Oakridge redevelopment has neighbours upset

Dec 19 2017, 3:36 pm

We’ve heard this story before, developer proposes large towers to a part of town unaccustomed to them, current residents are infuriated. With the pending Oakridge redevelopment, 13 residential towers have been proposed. The height varies from 18 to 45 storeys, making these the tallest towers in the City of Vancouver outside the downtown core. 

After downtown and the Broadway Corridor, the Oakridge Centre redevelopment has the biggest potential to increase jobs and density in the city. Literally located at the centre of the city and next to a rapid transit station, one would think that it would make sense to build tall and maximize the potential of the location. Apparently, this reasoning is lost on many residents.

The City should do whatever it takes to increase the density along major transit lines because citizens want to live near rapid transit.

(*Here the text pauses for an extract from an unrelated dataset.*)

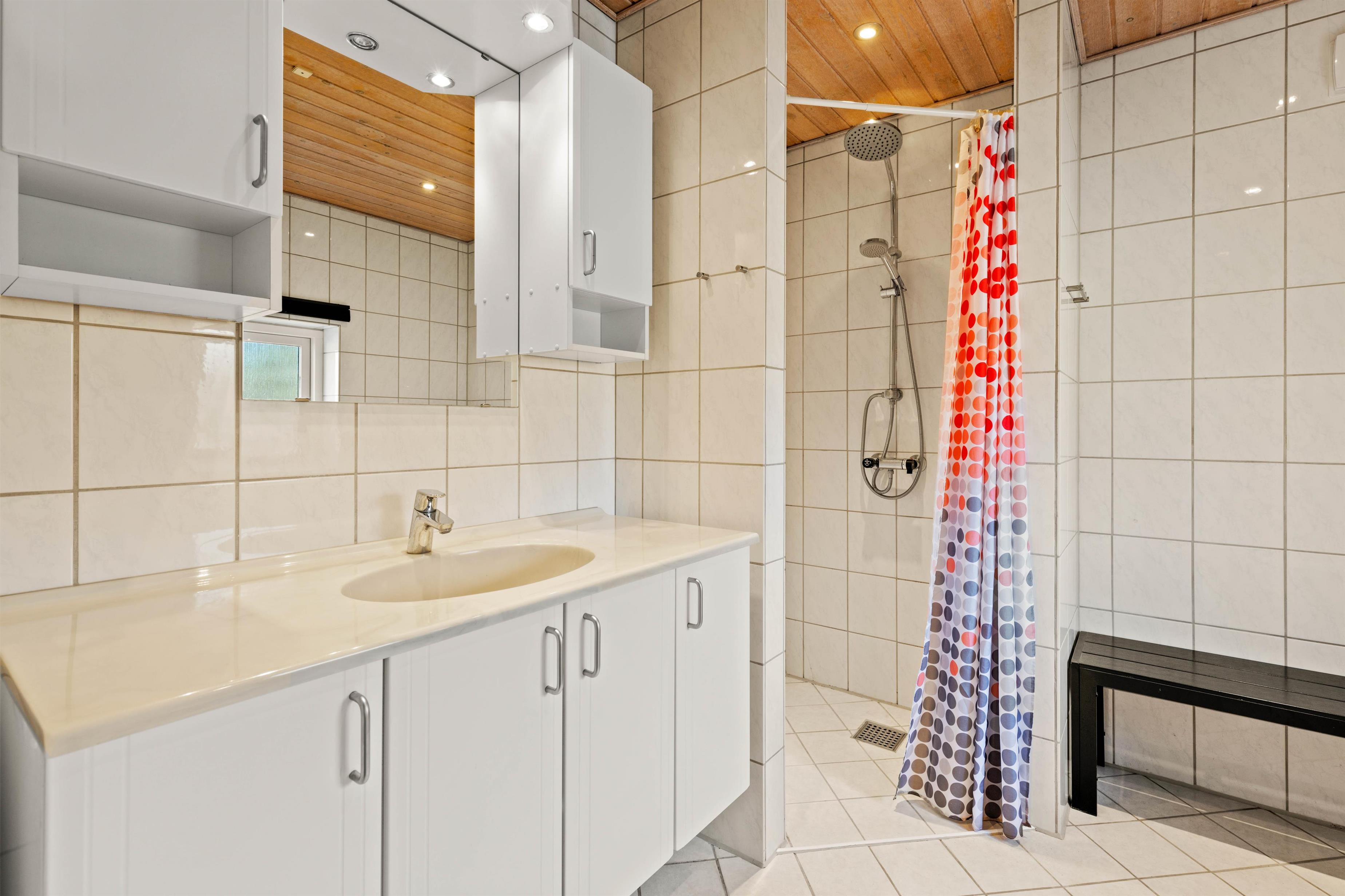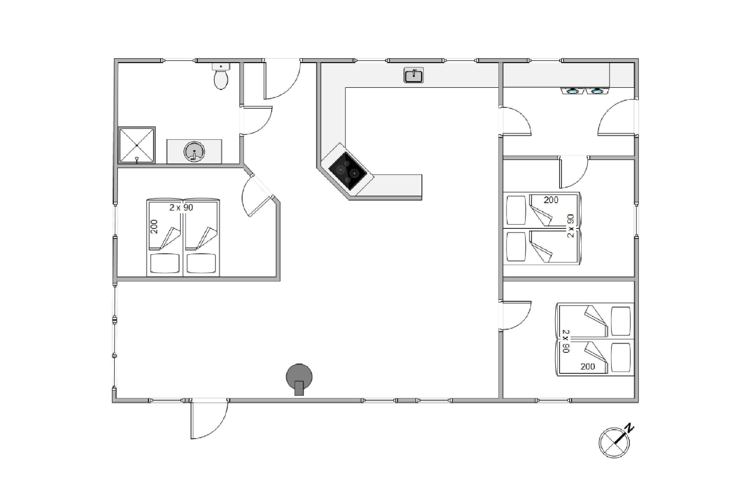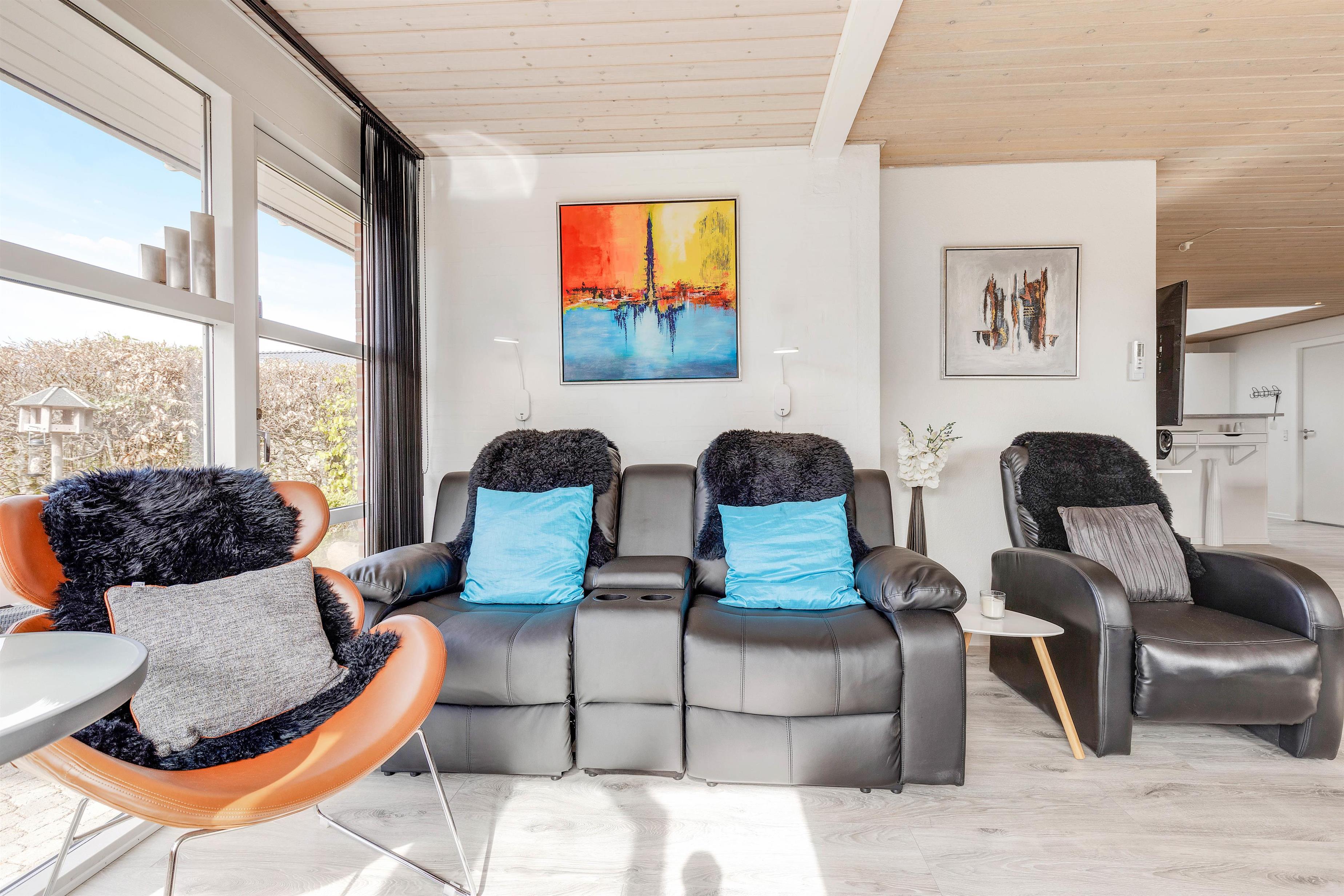 Det åbne opholdsrum samler køkken og stue i ét fællesrum, hvor hele familien kan samles om morgenkaffen, madlavningen og de sene filmaftener på sofaen foran det det store fladskærm-tv, mens brændeovnen knitrer i baggrunden. Her er garanti for masser af nye ferieminder. Feriehusets soveværelser er alle udstyret med dobbeltsenge og det store badeværelse har gulvvarme.

But of course, shortsighted residents are more worried about their precious views then the advancement of the city they live in. It is unfortunate that some current residents will lose views, however, in a growing city, how can one expect to keep such precious views?

Currently the City of Vancouver has approved developments up to 31 storeys at Joyce-Collingwood, and up to 35 storeys at Cambie and Marine Drive. And if you think that that is too tall, just take a look at what they are doing in Burnaby where 50 storey buildings are becoming routine in Metrotown and the Brentwood Centre Redevelopment calls for a 70-storey tower.

If approved, Oakridge Centre will rival Metrotown, Coquitlam Centre and Surrey City Centre in scope and size.

The rezoning application for Oakridge Centre proposes over 4,500,000 square feet of development.

  • Retail (sq. ft.) from 620,000 to 1,430,600
  • Office (sq. ft.) from 126,000 to 424,259
  • Amenity (sq. ft.) from 26,000 to 45,000
  • Residential (sq. ft.) from 50,000 to 2,697,700
  • TOTAL (sq. ft.) from 822,000 to 4,597,559

Above images by Built Form from Skyscraper Forum.

More public consultation and a formal public hearing will be initiated should council agree to move forward with the rezoning process.